Он развалился в кресле, протянув длинные ноги ко мне под стол.

— Двадцать восемь — это такой возраст, когда многие снова обращаются к религии.

— Я никогда от нее не отворачивался, — отрезал мой собеседник. Я давно заметил, что набожные люди допускают такую резкость суждений, которую в устах других сами сочли бы за грубость. — Я остался таким, каким меня вырастили. Мои папа и мама так мало дали мне в интеллектуальном отношении, что я не мог позволить себе отрекаться от чего бы то ни было. Перегородки у нас в доме были тонкие, и я часто слышал, как они вместе молились. — Зачем я рассказываю ему это? — Я видел, что молодой человек спрашивает себя об этом. Руки его начали двигаться, как бы готовясь к контратаке. — То, что вы и ваши коллеги именуете религией, правильнее было бы назвать социологией. Ведь именно так вы преподаете свой предмет, верно? Все, о чем говорится в Ветхом завете и в «Золотой ветви», у Мартина Лютера и Мартина Лютера Кинга, — все это происходило, было реальными историческими фактами. Древние тексты, антропология по-человечески интересны, это ясно. Но они безобидны, безопасны. Тут никогда не ошибешься. И вместе с тем даже самый закоснелый атеист не станет отрицать, что людям вообще присуще религиозное чувство. Иначе зачем они строили храмы? Зачем создавали обряды, разрабатывали системы запретов? Конечно, нормальный атеист скажет, что все это — поэтические выдумки, приятное заблуждение, как и многие другие стороны человеческой истории, в сущности, все ее стороны, если принять во внимание, что человек смертен, а при жизни почти все свои усилия тратит на то, чтобы накормить себя, жить в теплом жилище и... как бы это лучше выразиться?..

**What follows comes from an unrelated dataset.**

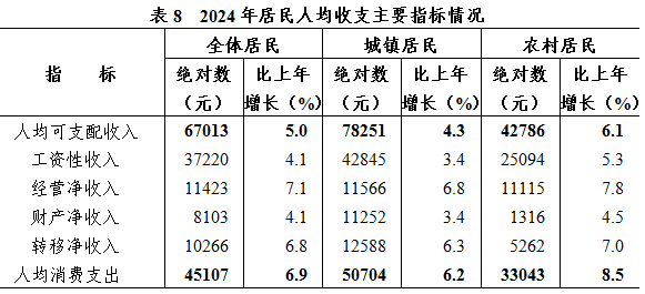 新质出产力稳步成长。全年以新财产、新业态、新模式为次要特征的“三新”经济添加值估计占全省地域出产总值的28。5%。数字经济焦点财产添加值11060亿元,比上年增加8。1%。此中规模以上数字经济焦点财产制制业添加值增加7。6%,增速比规模以上工业高0。1个百分点,拉动规模以上工业添加值增加1。4个百分点。规模以上工业中,配备制制业、高新手艺财产和高手艺制制业添加值别离增加10。0%、8。3%和8。1%,增速均高于规模以上工业平均程度;添加值别离占规模以上工业的48。9%、69。0%和17。2%,比沉别离比上年提高2。7个、1。9个和0。6个百分点。高质量成长结实推进。全年全员劳动出产率[4]为22。9万元/人,比上年增加4。6%。规模以上工业劳动出产率[5]为29。1万元/人,增加5。9%。一般公共预算收入8706亿元,增加1。2%,此中税收收入6994亿元,下降1。8%;处所一般债权收入759亿元;转移性收入5372亿元。一般公共预算收入12565亿元,增加1。7%。此中农林水、科学手艺、教育、社会保障和就业等沉点收入别离增加13。7%、12。6%、4。6%和4。6%。规模以上工业企业中,有研发费用的企业4。7万家,占规模以上工业企业的79。2%;研发费用收入增加5。5%,增速比停业收入高0。7个百分点;研发费用相当于停业收入的比例为3。17%,比上年提高0。02个百分点。规模以上工业新产物产值增加4。5%,新产物产值率为42。2%。平易近营经济金手刺擦得更亮。全年平易近营经济添加值估计占全省地域出产总值的比沉为67。4%。岁暮正在册运营从体1095万户,比上岁暮增加5。9%,此中平易近营企业和个别工商户别离有351万户和710万户,别离增加5。4%和6。1%。规模以上工业平易近营企业5。5万家,占规模以上工业企业的92。7%;全年实现添加值16258亿元,占规模以上工业的72。4%;添加值比上年增加8。1%,增速比规模以上工业高0。6个百分点,对规模以上工业添加值增加的贡献率为79。4%。平易近营企业进出口42557亿元,占全省进出口的80。8%;增加8。3%,拉动全省进出口增加6。7个百分点。农业出产总体平稳。全年粮食播种面积1047千公顷,比上年增加2。2%,产量650万吨,增加1。8%;油菜籽播种面积142千公顷,增加2。9%;蔬菜681千公顷,增加1。5%;中药材47千公顷,增加2。0%;瓜果类82千公顷。猪牛羊禽肉产量123万吨,增加2。9%,此中猪肉产量82。6万吨,增加2。2%。禽蛋产量39。4万吨,增加8。6%。牛奶产量20。8万吨,下降0。3%。生猪出栏950万头,下降0。3%。岁暮生猪存栏624万头,此中能繁母猪存栏65。7万头。全年水产物产量705万吨,增加4。7%,此中,海水产物产量542万吨,增加4。4%;淡水产物产量163万吨,增加5。6%。农业现代化行之有效。推进“多田套合”农用地结构优化,岁暮全省1652万亩永世根基农田中高尺度农田1265万亩、套合率76。6%。农业“双强”步履持续推进,农做物耕种收分析机械化程度82。5%。鞭策“土特产”先行成长,全年建成超十亿元“土特产”全财产链126条、产值3216亿元。累计认定省级种业阵型企业44家,扶植稼穑办事核心280个,获批建立全国独一聪慧农业引领区。和美村落扶植丰盛。持续深化“万万工程”,全年新(改)建农村公2023公里。岁暮城乡公交一体化率达到90%,规模化供水笼盖率超90%,农网供电靠得住率达99。99%,5G收集、光纤资本实现沉点行政村全笼盖。农村糊口垃圾分类、糊口污水处置设备、无害化卫生茅厕实现行政村根基笼盖,农村垃圾无害化处置率达100%。开展农房、管线序化、村道提拔三大步履,全年完成农房12。8万栋,管线个村。全年建成将来村落881个,岁暮和美村落笼盖率为51。7%。健全自治德治智治“四治融合”村落管理机制,累计建成省级善治(示范)村10530个、村居15515个,数量均居全国首位。强村富平易近稳步推进。岁暮全省村级集体经济收入30万元以上且运营性收入15万元以上行政村全笼盖,运营性收入50万元以上行政村占比为60%。推进城乡公共办事均等化,农村一、二级长儿园正在园长儿占比87。3%,城乡权利教育配合体笼盖所有农村塾校,鞭策“共享教师”县域流转;据初步数据,全年建成沉点核心乡镇卫生院(县域医疗卫生次核心)54家,通过保举尺度省级审核的乡镇卫生院(社区卫生办事核心)144家,办事能力达到国度评价尺度的村卫生室5559家;新增村级全平易近健身广场55个。深切实施先富带后富“三同步”步履,加强低收入农户帮扶,低收入农户人均可安排收入增加11。1%,高于全省农人收入增速5。0个百分点。全年工业添加值30072亿元,比上年增加6。9%,此中规模以上工业添加值增加7。5%。规模以上工业中,分经济类型看,国有及国有控股企业添加值增加1。9%,港澳投资企业添加值增加6。0%,外商投资企业添加值增加7。2%。分企业规模看,大、中、小型企业添加值别离增加4。0%、8。7%和8。8%。分行业看,38个工业行业大类中,31个行业添加值增加,此中汽车、计较机通信电子、纺织、电气机械和化学原料等行业别离增加19。4%、13。6%、9。7%、7。1%和6。9%,合计拉动规模以上工业添加值增加4。5个百分点。17个保守制制业添加值增加8。0%。规模以上工业企业停业收入117429亿元,增加4。8%;利润总额6039亿元,增加1。5%。

— ...производить на свет себе подобных? — подсказал я.

— Вот именно. — Он наклонился еще больше. — Перед приходом к вам я заглянул в программы вашего факультета. Предметы, которые здесь преподают, — ни к чему не обязывающие общие места культурной истории человечества. Я же пришел побеседовать с вами о Боге как о факте, факте, который вот-вот свершится в силу порядка вещей.

— Приму к сведению вашу точку зрения, — сказал я, положив на стол карандаш и незаметно глянув на часы: на три был назначен мой двухчасовой семинар, посвященный ересям, которые впоследствии осудил Никейский Вселенский собор. Сегодня нам предстояло заняться Маркионом, первым выдающимся еретиком. Этот человек довольно аргументировано утверждал, что Бог в Ветхом завете и Бог в Новом завете — это разные боги. Идея двоебожия вылилась в течение гностиков и предвосхитила манихейство. Маркион облил презрением древнееврейского Бога-творца, который сотворил зло и сделал своими любимчиками распутных мошенников вроде царя Давида. На ветхозаветного Бога, этого нерешительного невежду, была возложена вина за унизительный и болезненный процесс совокупления, беременности и деторождения — размышление на эту тему вызывало у Маркиона отвращение. Надо заметить, что он приводил убедительные доводы. — Как бы то ни было, — произнес я спокойно, — чем я могу быть вам полезен, мистер Колер?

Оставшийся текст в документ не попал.